Why yet another thing to learn?

Because it can help you so damn much. I’ll give you an example. A little while back I was working on a massive codebase for an airline’s web application. The styles were all in LESS. At one point when the site was very small, the original developers started :extend-ing styles for pretty much everything. :extend can be very helpful, but it can get to a point where it bloats file size more than mixins if you gzip. Some dude on my team figured that out. This meant we needed to replace all instances of :extend that were typographic styles, but not ones that weren’t. To add to the problem, :extend in LESS is more complex than in Sass. Here’s an example of the various :extend scenarios I had to deal with:

  h1:extend(.heading-sans-1) {}                // make mixin
h5:extend(.heading-serif-12) {}              // make mixin
.class-name-1 p:extend(.bodycopy-serif-1) {} // make mixin
.whatever:extend(.bodycopy-sans-2),
.whatnot:extend(.bodycopy-sans-3) {}         // make mixin

div:extend(.card-1) {}                       // don’t modify
div:extend(.card-2, .shadow-1) {}            // don’t modify

As you can see, this was a pretty complicated task, especially since there were over 100 LESS files. Thankfully, the typographic extends were all following a general pattern. This allowed me to get at them. I tested over and over again until I boiled it down to two Find/Replace commands that would nearly completely fix everything. The act of making the replacements took less time than saving and closing all the files afterwards. If you want more on that solution, see the end of this post.

This is why regex is amazing. Manually finding and replacing all those extends would have taken me at least an extra five or six hours of excruciating effort; and any manual slip up would translate into a tiny bug that no one would notice for a long time. If you can test your regex thoroughly, you can be confident that your edits worked and save time. Enough evangelism, let’s get into it.

The basics.

In Sublime’s Find and replace, there is a regex toggle on the far left (next to the Case Sensitive button). This enables you to use regular expressions in your Find commands. You can write an expression, and Sublime will highlight matches in the same way any vanilla search works.

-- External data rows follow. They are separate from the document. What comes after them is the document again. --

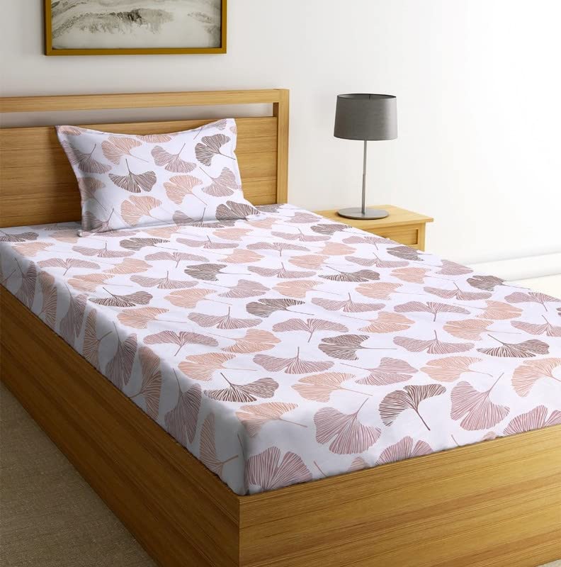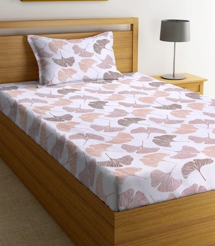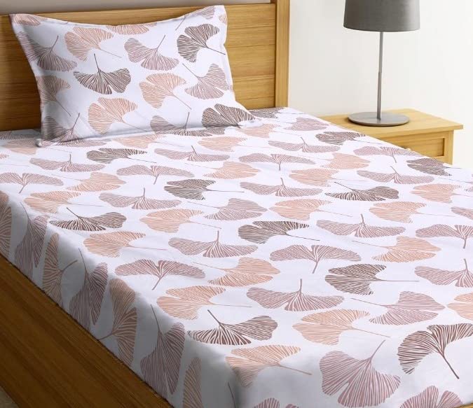 Premium Glace Cotton 180 TC Flat Single Bedsheets for Summer Breathable | Wrinklefree (Size-60 X 90 Inch) with 1 Pillow Covers (Size-17 X 27 Inches, White & Beige)
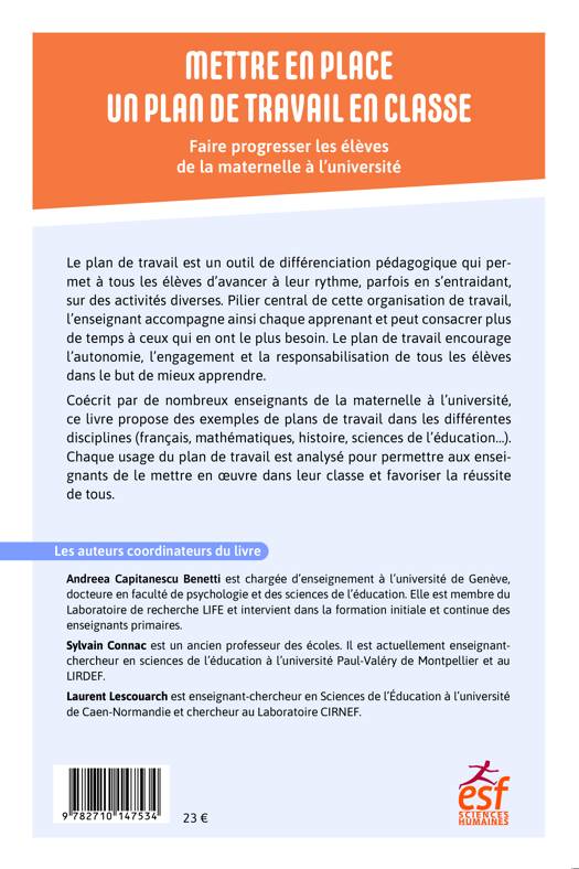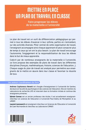 Coécrit par de nombreux enseignants de la maternelle à l'université, ce livre propose des exemples de plans de travail dans les différentes disciplines (français, mathématiques, histoire, sciences de l'éducation...). Chaque usage du plan de travail est analysé pour permettre aux enseignants de le mettre en oeuvre dans leur classe et favoriser la réussite de tous.
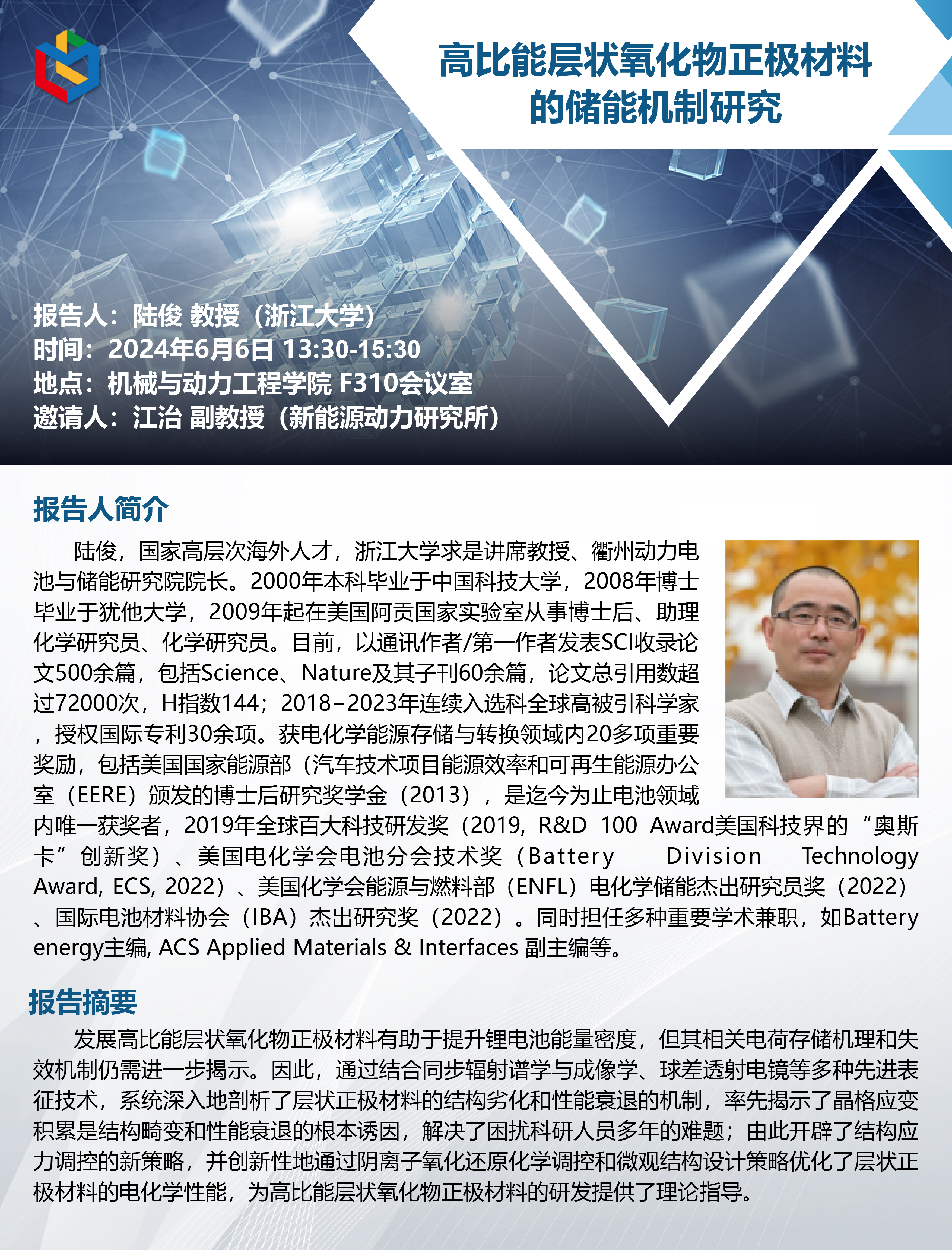 陆俊,国家高层次海外人才,浙江大学求是讲席教授、衢州动力电池与储能研究院院长。2000年本科毕业于中国科技大学,2008年博士毕业于犹他大学,2009年起在美国阿贡国家实验室从事博士后、助理化学研究员、化学研究员。目前,以通讯作者/第一作者发表SCI收录论文500余篇,包括Science、Nature及其子刊60余篇,论文总引用数超过72000次,H指数144;2018−2023年连续入选科全球高被引科学家,授权国际专利30余项。获电化学能源存储与转换领域内20多项重要奖励,包括美国国家能源部(汽车技术项目能源效率和可再生能源办公室(EERE)颁发的博士后研究奖学金(2013),是迄今为止电池领域内唯一获奖者,2019年全球百大科技研发奖(2019, R&D 100 Award美国科技界的“奥斯卡”创新奖)、美国电化学会电池分会技术奖(Battery Division Technology Award, ECS, 2022)、美国化学会能源与燃料部(ENFL)电化学储能杰出研究员奖(2022)、国际电池材料协会(IBA)杰出研究奖(2022)。同时担任多种重要学术兼职,如Battery energy主编, ACS Applied Materials & Interfaces 副主编等。
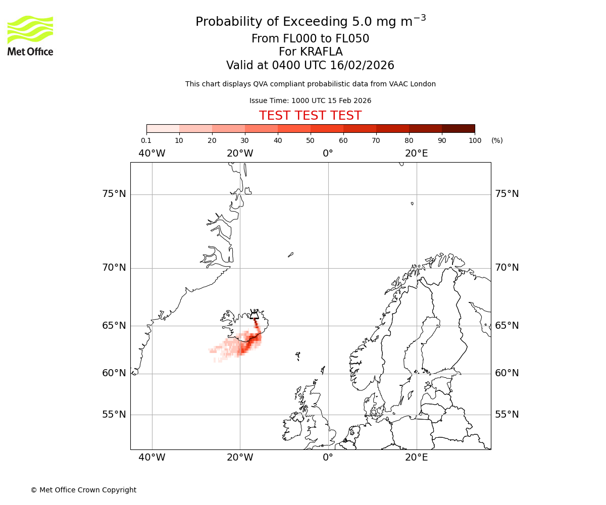 Probability of exceeding 5.0 milligrams per metre cubed. From 000 to 050 for KRAFLA. Valid at 0100 UTC 16/02/2026
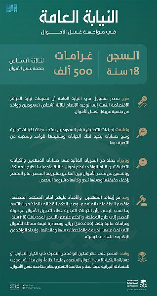 وقد تم إيقاف المتهمين، والادعاء عليهم أمام المحكمة المختصة، وتقديم الأدلة على اتهامهم، وصدر الحكم القضائي المتضمن إدانتهم بما نسب إليهم، وأن الكيانات التجارية غطاء لتحويل الأموال مجهولة المصدر إلى خارج المملكة، والحكم عليهم بالسجن لمدة بلغت (18) سنة، وغرامات مالية بلغت (500.000) ريال، ومصادرة قيمة مماثلة للأموال التي تمت عليها الجريمة والمتحصلات منها وعائداتها، وإبعاد الوافد عن البلاد بعد انتهاء محكوميته.

In regex, there are a handful of symbols. I would be lying to you if I said I knew them all, or that you’ll need any of them. What I will do is give you a quick breakdown of the meat n’ potatoes you’ll use all the time.

Quantifiers

+ is a wildcard “quantifier”. It states “take whatever you just got, and repeat it one to infinite times.” Since regex can capture literal characters, if I were to write the expression a+, it would match any sequence of one to infinite a’s.

  "aaabc"

  finding: a+
replace: MAGIC

  "MAGICbc"

Notice how there is only one instance of MAGIC. Because of the +, the Find pattern includes the entire a sequence. Without the + we get a different result:

  "aaabc"

  finding: a
replace: MAGIC

  "MAGICMAGICMAGICbc"

Why didn’t we just say aaa in the original Find pattern? Great question. We could have, but it would have meant something entirely different. Our a+ pattern is seeking out an any-length sequence of a’s. aaa would only match sequences of three. It all depends on the need. FWIW, you could also write a{3} and achieve the same result as aaa.

Capturing Groups

Wrap anything in parens () and you will have created a “capture group”. (a+) would be the same as what we previously have been capturing (a, aa, aaa...). The parens by themselves do not do anything notable.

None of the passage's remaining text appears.